Promoted to captain in February 1964, he reported to The Basic School and served as a company officer, leadership instructor, and tactics instructor. Subsequently, Breth attended the Canadian Army Staff College, Kingston, Ontario, where he was recognized as a Distinguished Graduate. Upon completion of his studies in August 1967, he was assigned to the 3rd Marine Division in the I Corps sector of the Republic of Vietnam, where he served with the 3rd Battalion, 9th Marines as a rifle company commander and operations officer. During the tour he also served as the 3rd Marine Division liaison officer to the 1st ARVN Division in Huế. He was promoted to major in November 1967.

Breth returned to the United States in September 1968, and was assigned to Marine Barracks, Washington, D.C., where he served as Guard Company Commander and executive officer, Marine Corps Institute. During April 1972, he reported to Headquarters Marine Corps, Washington, D.C., as Head Special Officer Programs Section, Personnel Procurement Branch in the Manpower Department. Upon completion of the Marine Corps Staff and Command College at Quantico in June 1975, Breth was assigned to the Commander, Naval Forces Korea, as the liaison officer to the 1st Marine Division, Republic of Korea Marine Corps in Pohang, Korea. He was promoted to lieutenant colonel in September 1975.

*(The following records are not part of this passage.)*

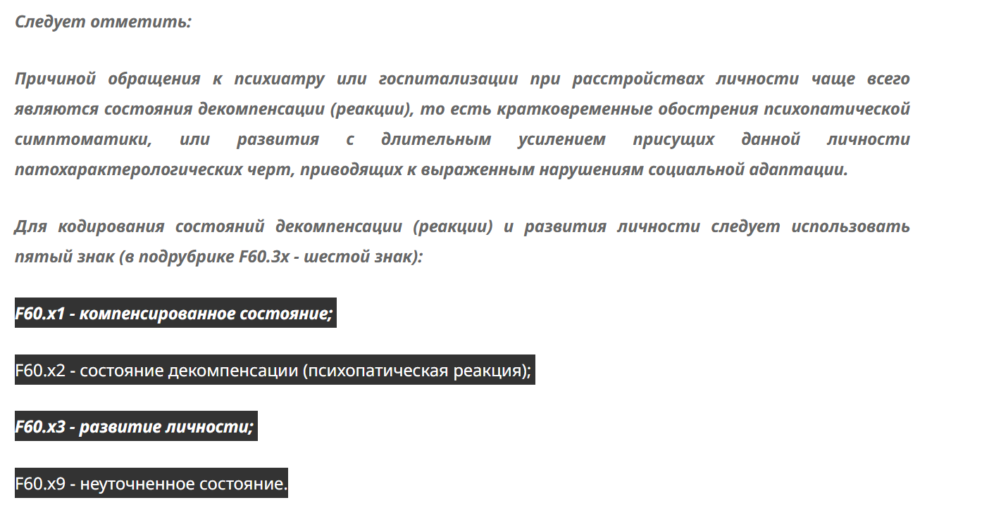 Блядь. Это буквально КОД из методички. Может ли такое быть? Нет блядь! Но в советской системе... точнее кадавре основанной на сочтеании Гавнушкина и МКБ-10 оно так и бывает. Если надо могу тебе свой сертификат кленического психа кинуть. (Психолога тоже)
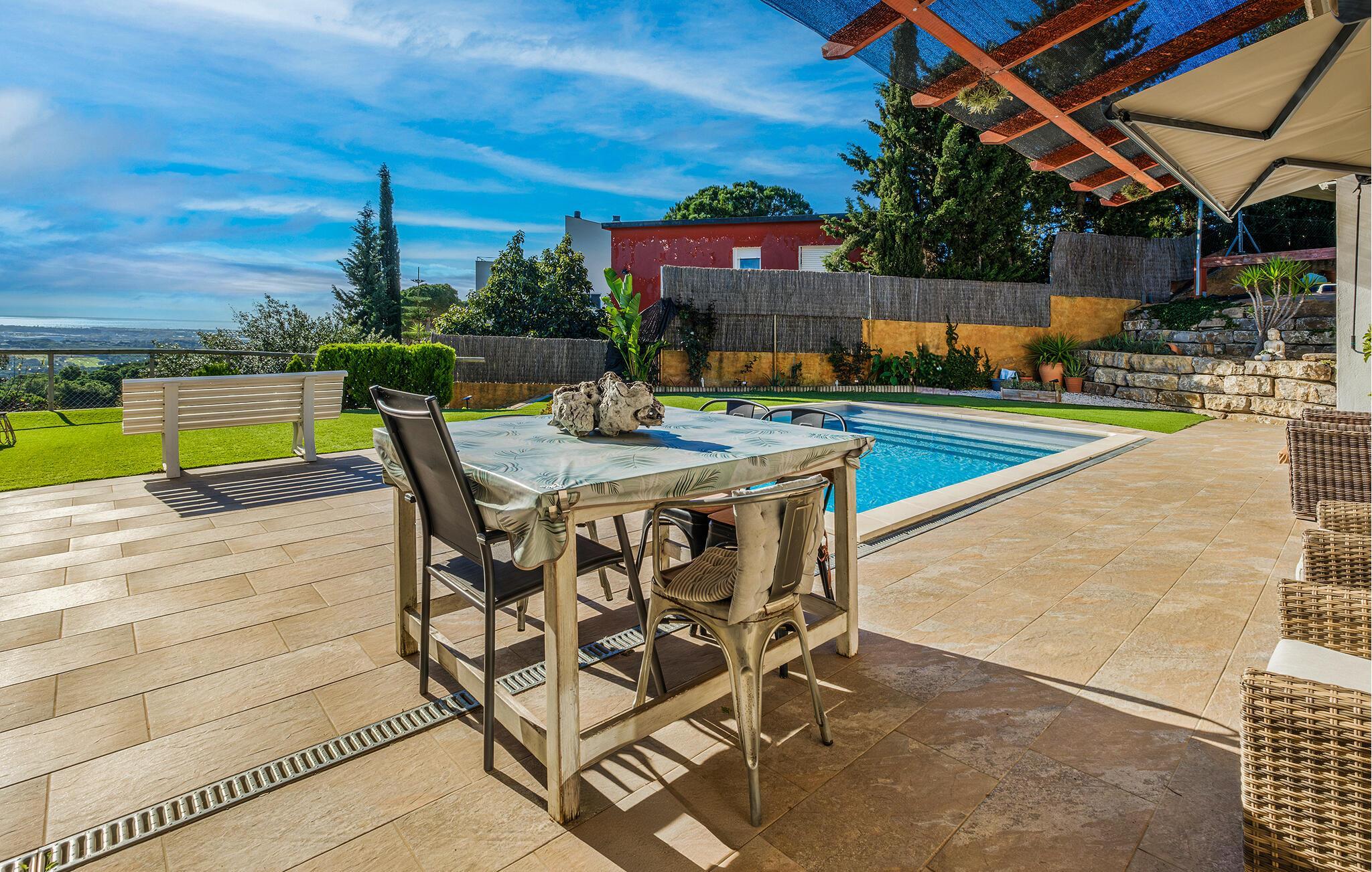 Flygt fra hverdagen, og nyd udsigten og afslappende feriedage i dette smukke feriehus med pool.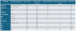 - Phenyl-sulfonic acid bonded phase – phenyl gives some reversed phase character that can be enhanced with METHANOL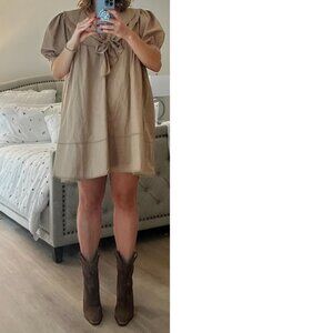 Anthropologie Pilcro Short-Sleeve Bow-Front Tunic Mini Dress SIZE L NEW

In July 1976, Breth assumed command of the 2nd Battalion, 1st Marines, 1st Marine Division, Camp Pendleton, California, and later, served as assistant chief of staff, G-1. He subsequently attended the United States Army War College, Carlisle Barracks, Pennsylvania, graduating in June 1979. He then returned to Korea to serve as Chief, Contingency Plans Branch(C-5), of the newly formed ROK-US Combined Forces Command, Seoul, Korea.

Promoted to colonel in May 1981, he returned to the United States the following month for duties as the deputy director, 9th Marine Corps District, Kansas City, Kansas. In August 1982, he assumed command of the 9th Marine Corps District. He returned to Camp Pendleton in July, for duty as the assistant chief for staff, G-3, I Marine Amphibious Force. In June 1985, he was promoted to brigadier general and assumed the duty as the director of Intelligence, Headquarters Marine Corps. In January 1988, he was assigned as director of the C412 Department/Director of Marine Corps Intelligence, Headquarters Marine Corps. He assumed the duties of commanding general, MCRD/WRR, San Diego in September 1988, and completed military service and retired in September 1989.

General Breth died of cancer on December 6, 2003, and is buried at Arlington National Cemetery.